奇才
きさい
名詞
標準
rare genius
文例 · 用例
次第々々に地位を高めようとするんだから、奇才俊才、傑物は不可ん。
— 泉鏡花 『婦系図』 青空文庫
吉田稔麿は松陰門下の奇才で、この時は長幕調停案の一案を劃して、帰国の途中、京都に寄つて殉難したのである。
— 池田屋襲撃 『大衆維新史読本』 青空文庫
この事については熊楠いまだ公けにせぬ年来の大議論があって、かつて福本日南に大英博物館で諸標品について長々しく説教し、日南感嘆して真に天下の奇才と称揚されたが、日本の官吏など自分の穢い根性から万事万物汚く見る故折角の名説も日本では出し得ず、これを公にすると直ぐに風俗壊乱などとやられる。
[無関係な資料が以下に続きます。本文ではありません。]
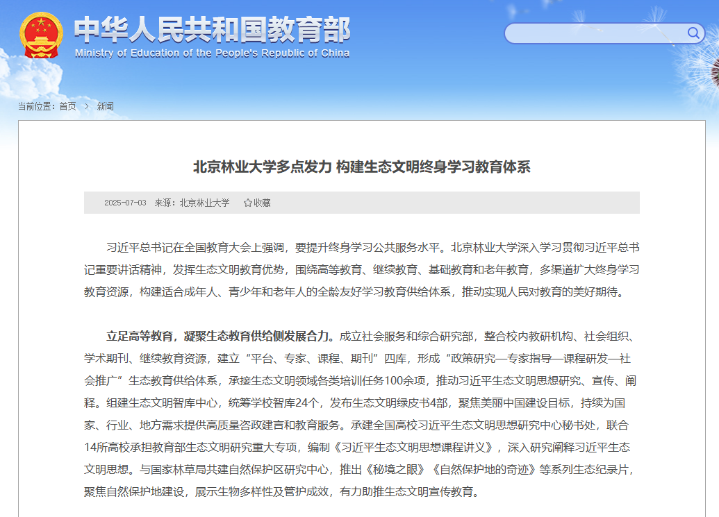 7月3日,教育部網站以《北京林業大學多點發力 構建生態文明終身學習教育體系》為題,對我校構建生態文明終身學習教育體系特色做法進行了報道。報道全文如下:

— 虎に関する史話と伝説民俗 『十二支考』 青空文庫
内に誠を藏し、血と涙とを湛へて、包むに奇才と博識とを以てし、或は磊落に、或は飄逸に、或は奇拔に、或は嚴正に、或は滑稽に、卓然として名利の※より逸出せる博士の人格は、今の世、絶えて其比を見ず。
— 大町桂月 『小日向臺』 青空文庫
見おとしたる白雲の裏山と合せて、世の奇才の士を待たむ哉。
— 大町桂月 『妙義山の五日』 青空文庫
文章も奇才縦横だが、座談は殊に面白く、怪談が尤も得意であつた。
— 徳田秋聲 『亡鏡花君を語る』 青空文庫
今なら三千円ぐらいは素丁稚でも造作もなく儲けられるが、小川町や番町あたりの大名屋敷や旗下屋敷が御殿ぐるみ千坪十円ぐらいで払下げ出来た時代の三千円は決して容易でなかったので、この奇利を易々と攫んだ椿岳の奇才は天晴伊藤八兵衛の弟たるに恥じなかった。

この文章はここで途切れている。